Os celacantos são membros da classe Actinistia, sendo que muitos pesquisadores consideram o termo "celacanto" para abranger todos os membros de Actinistia.[42][43] A ordem Coelacanthiformes tem sido usada para um subgrupo de Actinistia, contendo os celacantos modernos, bem como outros Actinistia extintos intimamente relacionados, que se estendem do Permiano em diante.[44][45] Com base no registro fóssil, acredita-se que a divergência entre celacantos, peixes pulmonados e tetrápodes tenha ocorrido durante o Siluriano.[46] Mais de 100 espécies fósseis de celacanto foram descritas.[42] Os fósseis de celacanto mais antigos identificados têm cerca de 420 a 410 milhões de anos, datando do estágio Pragiano do Devoniano Inferior. Estes incluem Eoactinistia da Austrália, conhecido apenas por uma mandíbula fragmentária, bem como Euporosteus yunnanensis da China, conhecido por um crânio parcial que indica ser o celacanto anatomicamente moderno mais antigo.[1][43] Alguns autores também sugeriram que o Onychodontiformes ligeiramente mais antigo Styloichthys também pode ser um celacanto primitivo.[47]
Os celacantos nunca foram um grupo diverso em comparação com outros grupos de peixes e atingiram um pico de diversidade durante o Triássico Inferior (252–247 milhões de anos atrás),[29] coincidindo com uma explosão de diversificação entre o Permiano Superior e o Triássico Médio.[42] A maioria dos celacantos do Mesozoico pertence à subordem Latimerioidei, que contém duas subdivisões principais: a família marinha Latimeriidae, que inclui os celacantos modernos, e a família extinta Mawsoniidae, nativa de ambientes salobros, de água doce e marinhos.[48]
Os celacantos do Paleozoico são geralmente pequenos (cerca de 30–40 cm de comprimento), enquanto as formas do Mesozoico eram maiores.[42] Vários espécimes pertencentes aos gêneros de celacanto Mawsoniidae do Jurássico-Cretáceo Trachymetopon e Mawsonia provavelmente atingiram ou ultrapassaram 5 metros de comprimento, tornando-os entre os maiores peixes conhecidos do Mesozoico e entre os maiores peixes ósseos de todos os tempos.[49]
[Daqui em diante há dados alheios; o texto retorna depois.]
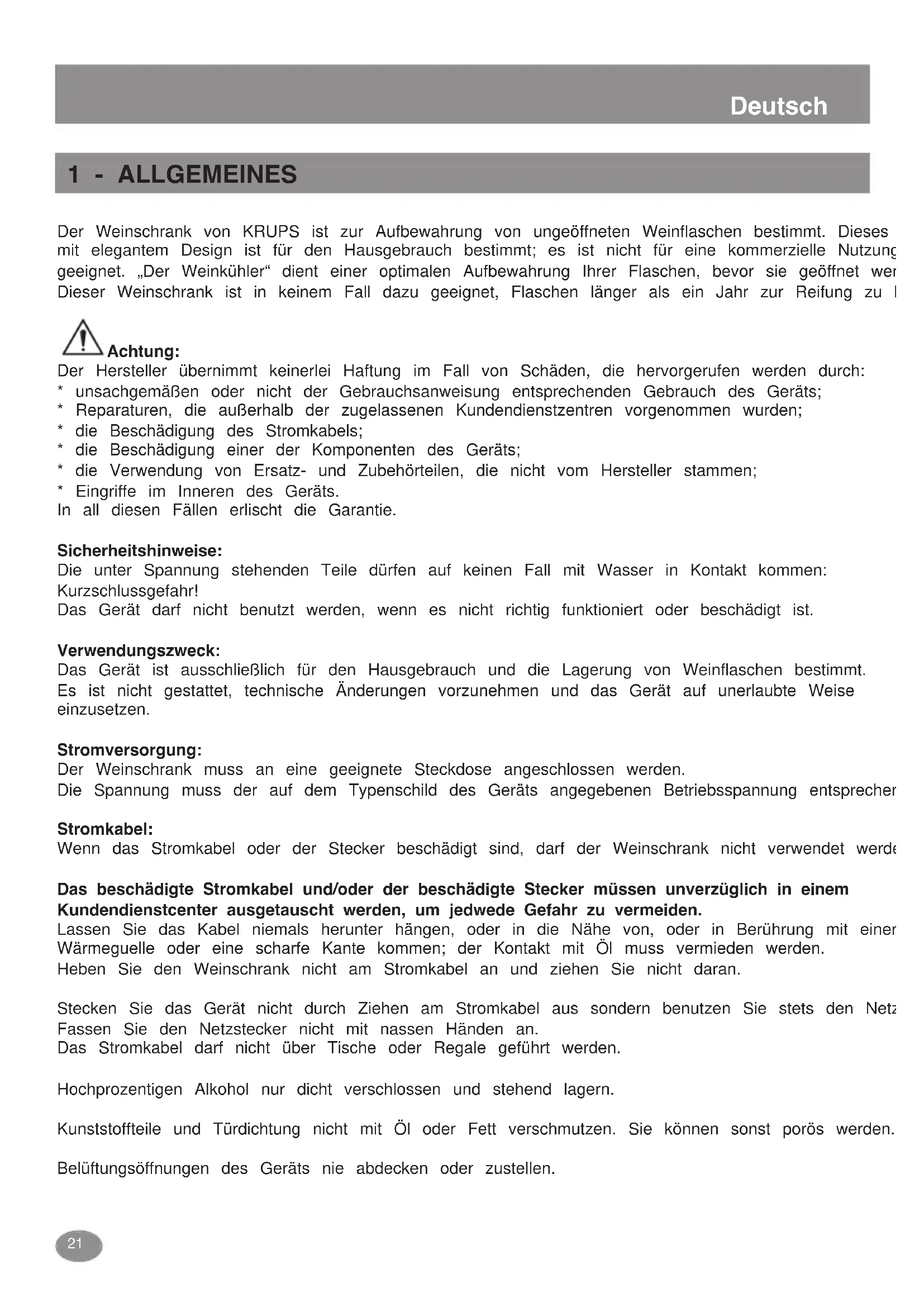 - Leave at least 10 to 15 cm of space free on all sides of the appliance. If you have any product problems or queries, please contact our Customer Relations Teams first for expert help and advice: HELPLINE: 0845 602 1454 – UK (01) 677 4003 - Ireland or consult our website – www.krups.co.uk Cavea?vins.qxd:KM8005franc$ais-copie.qxd20/02/0915:43Page20Deutsch Der Weinschrank von KRUPS ist zur Aufbewahrung von ungeöffneten Weinflaschen bestimmt. Dieses Gerät mit elegantem Design ist für den Hausgebrauch bestimmt; es ist nicht für eine kommerzielle Nutzung geeignet. „Der Weinkühler“ dient einer optimalen Aufbewahrung Ihrer Flaschen, bevor sie geöffnet werden. Dieser Weinschrank ist in keinem Fall dazu geeignet, Flaschen länger als ein Jahr zur Reifung zu lagern. Achtung: Der Hersteller übernimmt keinerlei Haftung im Fall von Schäden, die hervorgerufen werden durch:

O Latimeriidae fóssil mais recente é o Megalocoelacanthus dobiei, cujos restos desarticulados são encontrados em estratos marinhos do Santoniano Superior ao Campaniano Médio, e possivelmente do Maastrichtiano Inferior, no leste e centro dos Estados Unidos,[50][51][52] os Mawsoniidae mais recentes são o Axelrodichthys megadromos, de depósitos continentais de água doce do Campaniano Inferior ao Maastrichtiano Inferior da França,[53][30][29] bem como um Mawsoniidae marinho indeterminado do Marrocos, datado do Maastrichtiano Superior[54] Um pequeno fragmento ósseo do Paleoceno europeu tem sido considerado o único registro pós-Cretáceo plausível, mas essa identificação é baseada em métodos comparativos de histologia óssea de confiabilidade duvidosa.[50][55]
Os celacantos vivos têm sido considerados "fósseis vivos" com base em sua morfologia supostamente conservadora em relação às espécies fósseis;[39][10]:1 no entanto, estudos recentes expressaram a opinião de que o conservadorismo morfológico do celacanto é uma crença sem fundamento em dados.[11][12][13][56] Os fósseis sugerem que os celacantos eram mais morfologicamente diversos durante o Devoniano e o Carbonífero, enquanto as espécies do Mesozoico são geralmente morfologicamente semelhantes entre si.[42]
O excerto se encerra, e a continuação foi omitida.